The two main causes of histamine intolerance are:

  • too little of the enzymes needed to break down histamine (DAO and HMNT)- and/or-
  • too much histamine being produced (gut microbes producing histamine, mast cells degranulating too easily, chronic allergies).

Breaking down histamine:

There are two ways that your body clears out histamine: using the DAO enzyme or using the HMNT enzyme.[ref]

Diamine oxidase (DAO) enzyme Histamine from foods or from bacteria in your gut is broken down using the DAO (diamine oxidase) enzyme. DAO is produced in the villi lining the small intestines.[ref]

Histamine methyltransferase (HMNT) enzyme : The HMNT enzyme works throughout the body to deactivate and break down histamine created by your body. Thus, histamine that is used as a signaling molecule in the stomach or as a neurotransmitter in the brain will be broken down via a reaction that incorporates the HMNT enzyme.[ref]

Recent studies show exactly how important HNMT is in controlling brain histamine levels. Genetic variants that change HNMT levels in the brain are linked to an increased risk of Parkinson’s disease. Studies also link HNMT variants to an increased risk of migraines or ADHD.

Histamine receptors

You may be wondering why one molecule can cause so many different actions in the body…

How can histamine cause headaches and heartburn and hives? 

The function of histamine in a certain part of the body depends on the receptor it binds to.

Different histamine receptors are found in different parts of the body:[ref]

  • H1 receptors: Found in smooth muscle, endothelial cells (lining the blood vessels), central nervous system, and mast cells. Activating the H1 receptors causes allergy-type symptoms such as itching, swelling, nose running, and skin reactions. H1 receptors are also important in asthma reactions.
  • H2 receptors: When histamine activates the H2 receptors in the stomach, acid is released. H2 receptors are also found in the intestinal tract and in the walls of blood vessels. Mast cells also have H2 receptors, which when activated, causes the release of more histamine.

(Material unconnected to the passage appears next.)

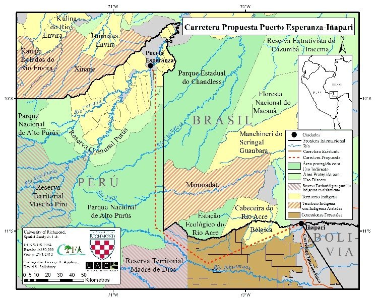 Debido a esta situación, surgieron diversas propuestas para solucionar este problema. Entre ellas, la construcción de una carretera que una las provincias de Purús (Ucayali) y Tahuamanu (Madre de Dios). Sin embargo, dicha iniciativa fue rechazada por organismos como el Ministerio de Cultura, Ministerio del Ambiente, Defensoría del Pueblo, organizaciones indígenas, incluso Naciones Unidas, porque la construcción de dicha vía afectaría no sólo a las áreas protegidas cercanas, sino también a los territorios habitados por pueblos indígenas en aislamiento.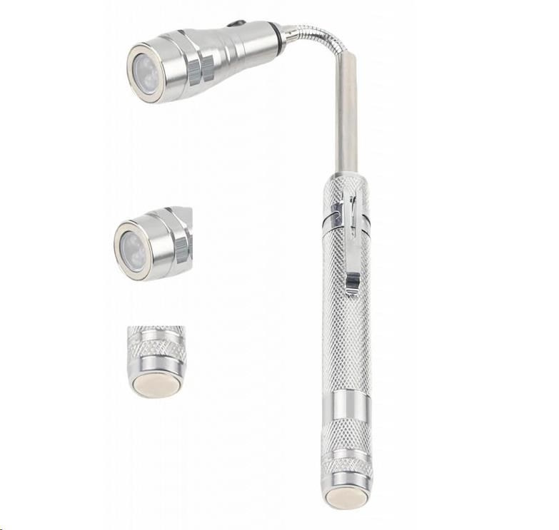 S naší inovativní teleskopickou svítilnou získáte všestranného pomocníka na každém kroku. Tento jedinečný produkt kombinuje svítilnu, výsuvnou teleskopickou tyč s ohebnou částí a užitečné magnety na obou koncích svítilny, což ji činí opravdu multifunkční.

In the heart, H2 receptors are important in controlling the rhythm.
  • H3 receptors: The central nervous system and the peripheral nervous system contain H3 receptors, which act as a feedback loop for histamine levels in the brain. Activating the H3 receptors impacts serotonin, norepinephrine, and acetylcholine release.[ref]
  • H4 receptors: These histamine receptors are at the core of inflammatory response. H4 receptors are found in the bone marrow, basophils (a type of white blood cell), thymus, small intestine, spleen, colon, and mast cells.[ref]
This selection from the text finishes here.